Regional and remote locations have often been associated with poorer health in terms of obesity rates and fruit and vegetable intake.
With more than 100,000 people expected to come through gates during the three-day farm-fest, the researchers will be hoping there’ll be a few punters happy to help uncover some knowledge about rural diets.
“We’re going to look at mapping what health measures we get against postcodes,” Tamworth dietitian Leanne Brown said.
“There is data out there about height and weight, but there’s not a lot of detailed data out there about food intake.”

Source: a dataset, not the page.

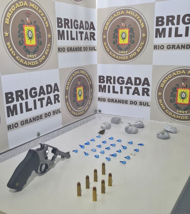 O rapaz, apontado por denúncias de tráfico de drogas, possuía 25 porções de cocaína (12g) e 07 porções de maconha (82g) prontas para a comercialização. Os policiais em maiores diligências, localizaram também 01 revólver Cal. 38 em situação de furto e 07 munições intactas do mesmo calibre.

The researchers will be taking height, weight and waist measurements, a brief survey on physical activity, as well as testing skin colour to determine fruit and veggie intake with a spectrophotometer.
“It looks at the carotenoids, which are underneath the skin, which basically come from your fruit and vegetables,” she said.
“So presumably, the better your intake, the better your colour is.”
The machine could be seen as a lie-detector when it comes to assessing diets.
“There’s a good reason to use our usual tools of assessing dietary intake, but this is a good back-up measure, particularly from a research perspective, because we often ask people ‘what did you eat’ and you only get half the information,” Dr Brown said.
AgQuip is the first major event the university will be taking its diet research to, but there’s already plans to take it to some other annual shindigs on the calendar.
Dr Brown said targeting big gatherings such as AgQuip provided an opportunity to collect data from a range of regions.
Broader studies have indicated “fruit and vegetable intake is lower and that people are more overweight, the more remote you go,” Dr Brown said.